According to Ali, the Egyptian Consensus Document includes four governing principles:
1. a civilian democratic system with the rule of law and the separation of executive, legislative and judicial powers and independence of the media;
2. equal citizenship rights for women and men and for geographical and historically marginalised groups including those of the Sinai, Nubia and Bedouins;
3. civil, political, economic, social, and cultural human rights as declared in international instruments;
4. freedom of association;
and four main aims for action:
1. "consensus on a comprehensive national project" along the lines of the Egyptian revolution of 2011: "Bread, freedom, social justice and human dignity";
2. replacement of the existing government;
3. release of all political prisoners and prisoners of conscience and transitional justice;
4. review of international agreements signed by the government in relation to transfer of Egyptian territory, natural resources and the waters of the Nile.

The document also covers the restructuring of state institutions, constitutional reform, democratic elections.

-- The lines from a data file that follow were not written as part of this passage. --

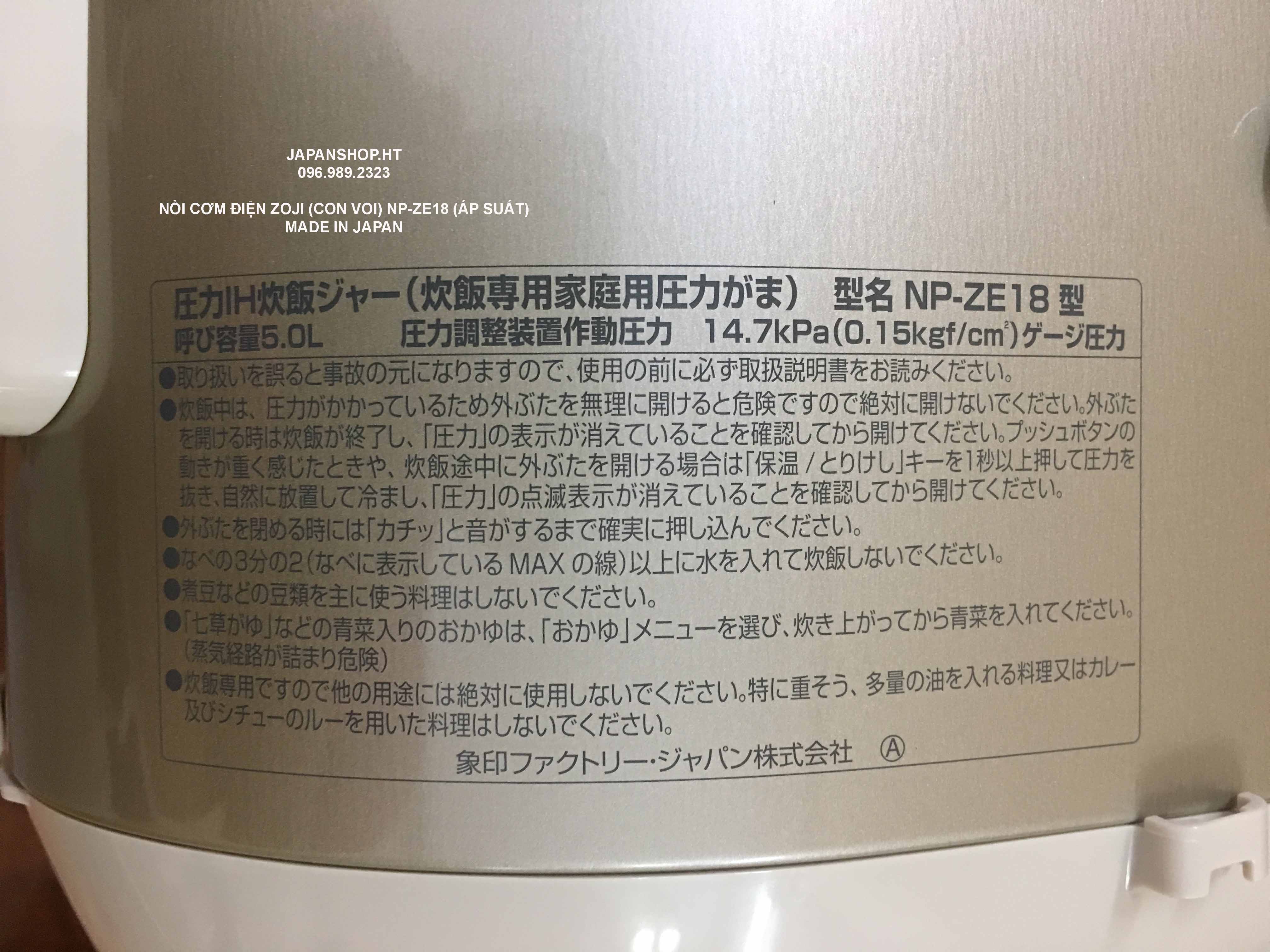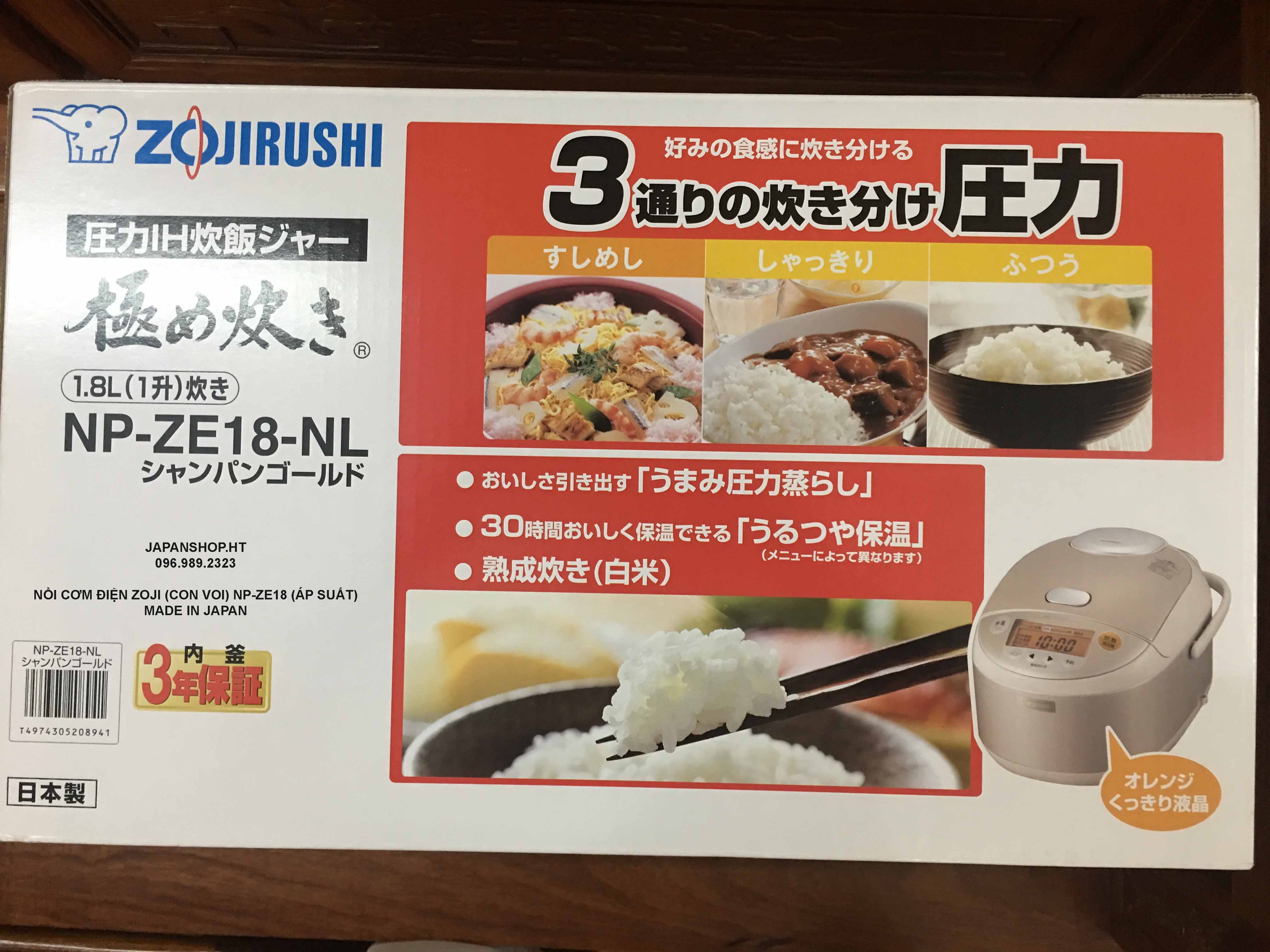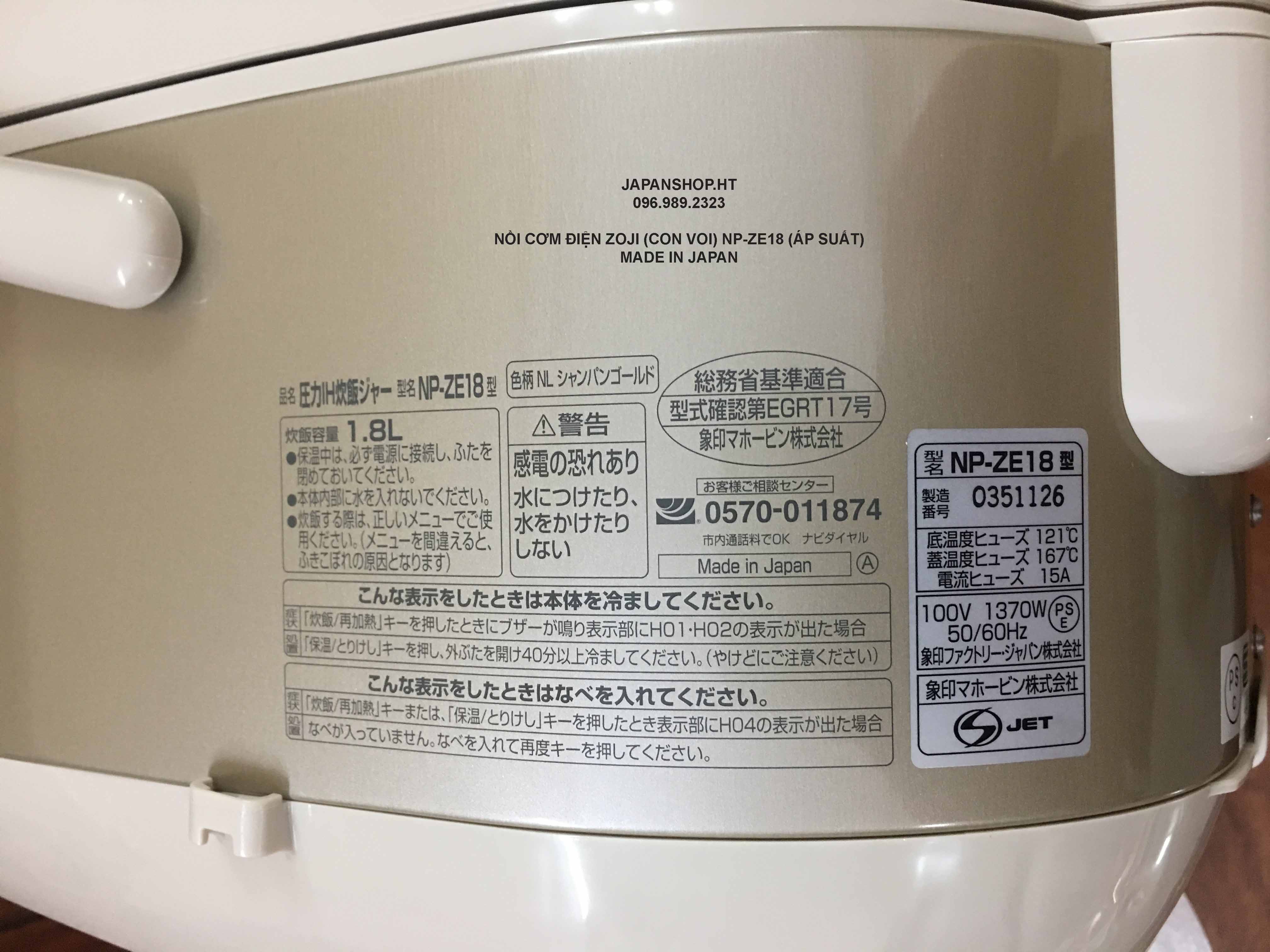 Thông số kỹ thuật của NỒI CƠM CAO TẦN ZOJIRUSHI (CON VOI) NP-ZE18-NL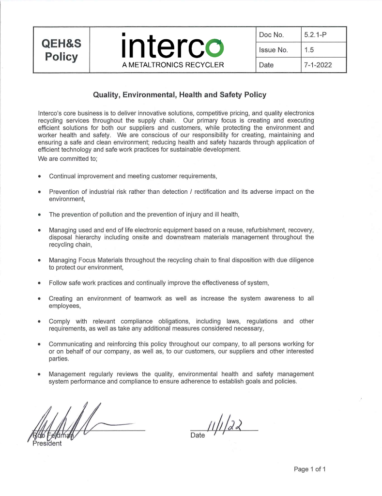 Interco’s core business is to deliver innovative solutions, competitive pricing, and quality metal recycling services throughout the supply chain. Our primary focus is creating and executing efficient solutions for both our suppliers and customers while protecting the environment and worker health and safety. We are conscious of our responsibility for creating, maintaining and ensuring a safe and clean environment; reducing health and safety hazards through application of efficient technology and safe work practices for sustainable development.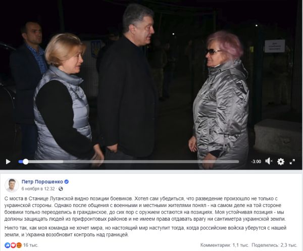 Бывший президент Порошенко не только выступает организатором дестабилизации, но даже не ленится участвовать в мелких провокациях. Например, с целью помешать разведению войск и обвинить Зеленского в сдаче интересов Украины, Порошенко поехал в Станицу Луганскую, после чего вполне прогнозированно заявил, что «с моста в Станице Луганской видно позиции боевиков. Хотел сам убедиться, что разведение произошло не только с украинской стороны. Однако после общения с военными и местными жителями понял — на самом деле на той стороне боевики только переоделись в гражданское и до сих пор с оружием остаются на позициях». Порошенко, наверное, считает подписчиков своей странички очень глупыми людьми, раз не стесняется писать такое. Неужели кто-то поверит, что сотрудники Народной милиции ЛНР будут нарочито демонстрировать оружие, да ещё так, чтобы его было видно с противоположной стороны, рискуя нарваться на международный скандал? Понятно, что заявление Порошенко лживо от начала до конца, его он придумал, наверное, ещё до того, как поехал на Луганщину. Да и поехал он туда только ради этого провокационного заявления.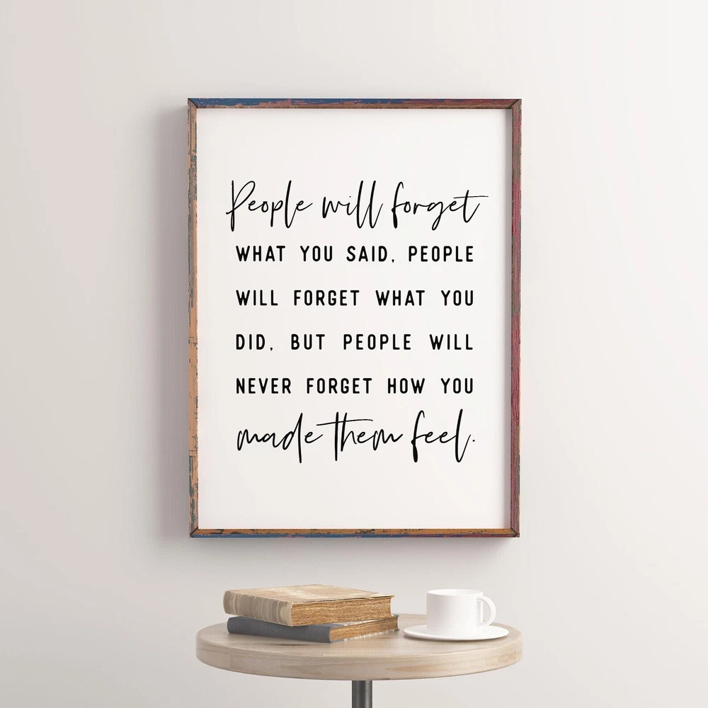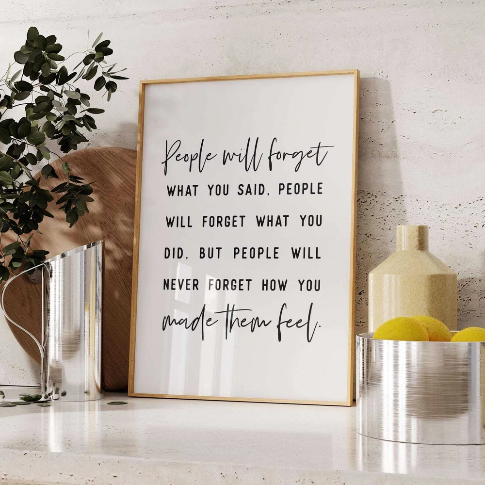 Inspirational Quotes Poster Printable Motivational Wall Art Maya Angelou People Will Never Forget Quote Print Art Material: Premium luster photo paper Print type: Inkjet printing One side printed + The finish provides the highest possible resolution and color saturation + Lasts up to 200 years in color and 400 years in black-and-white + Printed on high-quality resin-coated photo base paper medium + Posters can be hung with double-sided tape, tacks, or framed + Hand washing with a gentle cry cloth is recommended for extended durability I will hand select the best choice of paper for your chosen design to ensure top quality results for a beautiful, bright and luxurious print. All prints are sealed in cellophane slips for protection during transportation, and are shipped in a protective cardboard envelope.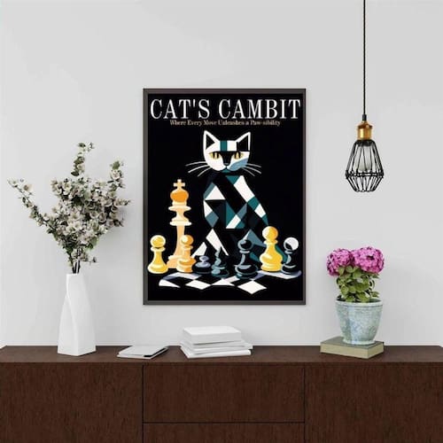 Quadro decorativo gato - jogo xadrez 45x34cm Cor: moldura preta Informações do produto tire todas as suas dúvidas no descritivo abaixo: decoração para quarto, sala, cozinha, escritório, área gourmet e muito mais. Chega de paredes vazias. Medidas - cada peça tem 45x34cm a3 . Material do papel - papel fotográfico brilhante de altíssima resolução acabamento - todos os quadros são acompanhados de uma película de acetato para proteção da imagem. - os quadros são embalados de forma segura com plástico bolha com camada dupla de acordo com o tamanho dos quadros. Garantia - garantia de 3 meses. Meu quadro chegou. Como posso fixá-lo Você precisa apenas de um martelo e um prego, pois os quadros já vão acompanhados de penduradores. Esta é a forma mais indicada. Caso prefira, você pode utilizar uma fita dupla face neste caso, sugerimos de alta qualidade para evitar que descole e seu quadro caia . Como posso limpar meu quadro A limpeza é feita como um móvel comum da sua casa. Apenas um pano seco ou espanador são suficientes para tal
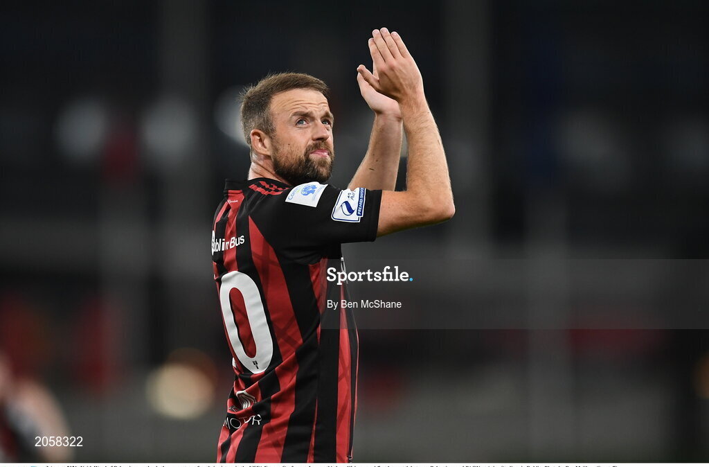3 August 2021; Keith Ward of Bohemians applauds the supporters after their victory in the UEFA Europa Conference League third qualifying round first leg match between Bohemians and PAOK at Aviva Stadium in Dublin. Photo by Ben McShane/Sportsfile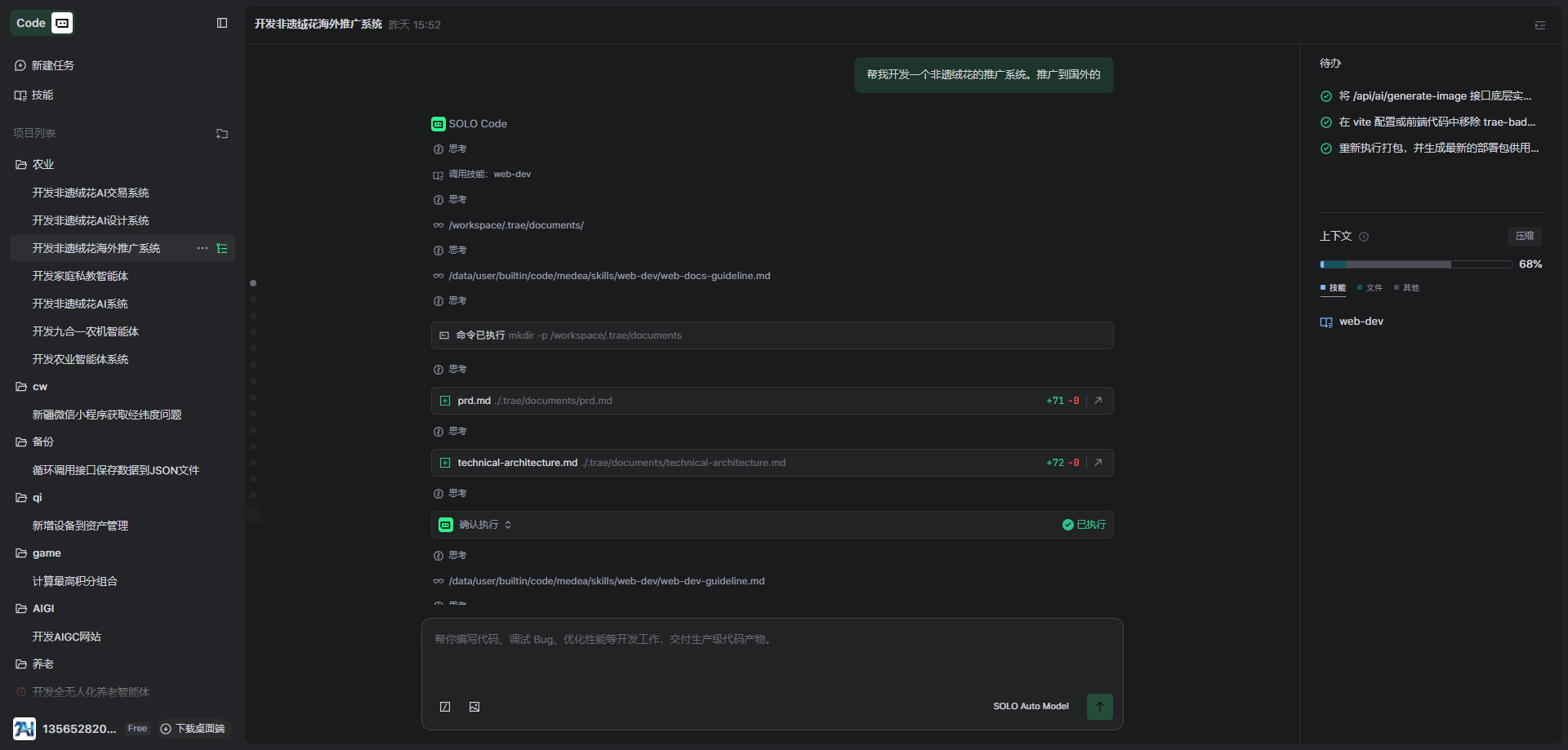 Code模式(极客首选): 这是为开发者量身定制的。它不仅仅是生成代码片段,而是具备“全链路”开发能力。在实测中,我让它基于《三体》的“群星计划”概念搭建一个营销网站。SOLO展现了惊人的自主性:它自主拆解任务、选择技术栈、编写代码、甚至在遇到报错时自主调试。它像一个真正的工程师一样,理解了项目结构,并在正确的位置提交了代码。对于专业开发者,它支持随时中断AI的工作进行手动微调,这种“可控的自动化”非常关键。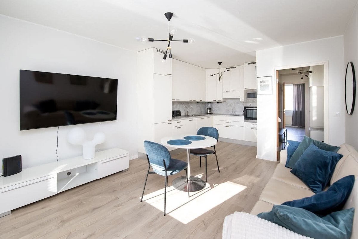 Elegante apartamento en una ubicación tranquila, cerca del centro de Kauhajoki (aproximadamente 1 km). El apartamento tiene una plaza de aparcamiento. ¡Interiores recién renovados! Salón, cocina, dormitorio, baño y sauna. El precio incluye ropa de cama y toallas. El desayuno está incluido en las primeras noches (café, leche, mantequilla, gachas, pan, etc.). Alojamiento para 1-4 personas. Cama de matrimonio y sofá cama.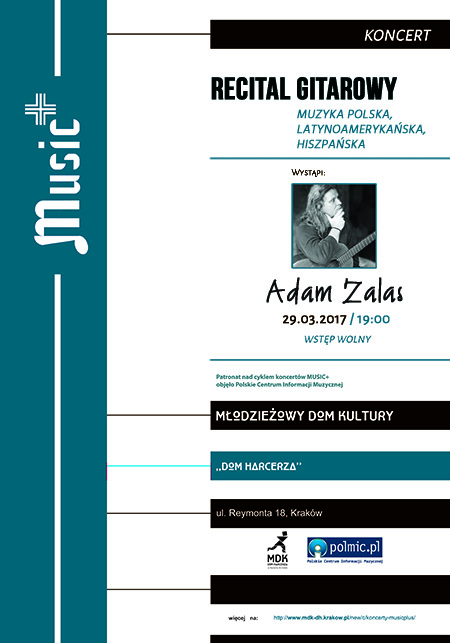 29 marca 2017 roku o godz. 19.00 zapraszamy do Młodzieżowego Domu Kultury „Dom Harcerza” przy ul. Reymonta 18 na recital gitarowy w wykonaniu Adama Zalasa. Zapraszamy!.

Ali described the document as the result of "suggestions and inputs ... from all the entities" that he had consulted with, after spending three months trying to unite various opposition forces, including "liberals" and the Muslim Brotherhood and exiled opposition politicians.

==Media image==
Leila Arman, writing in Mada Masr, describes Ali showing charisma in his videos, with a character "of the intrepid blue-collar badass. A savvy operator with a nose for business. A total baller who flashes cash and treats himself like a prince. An avaricious charmer." She describes his image in the videos as "not the classic poor, honest hero, nor is he the educated, middle-class striver who stands up to oppression", but instead an image "of [honour] and decency as a form of class solace, consolation, and solidarity", where the honour consists of Ali's entitlement to money that he claims is owed to him by Sisi. In his 4 September video, Ali describes his political profile, stating, "I'm not a liberal, I'm not Brotherhood, I'm not a secularist. I'm a working-class guy". Arman describes Ali's conflict with Sisi as a macho competition, "Ali plays the paragon of working-class masculinity against Sisi's more simpering version of manhood." She summarises stating that Ali "portrays a realistic dramatic character, and then he asks the audience to play the hero with him, to enter the frame. And they have obliged."

==Sentencing==
On 16 January 2023, he was sentenced along with 22 others to life in prison in absentia over the 2019 protests.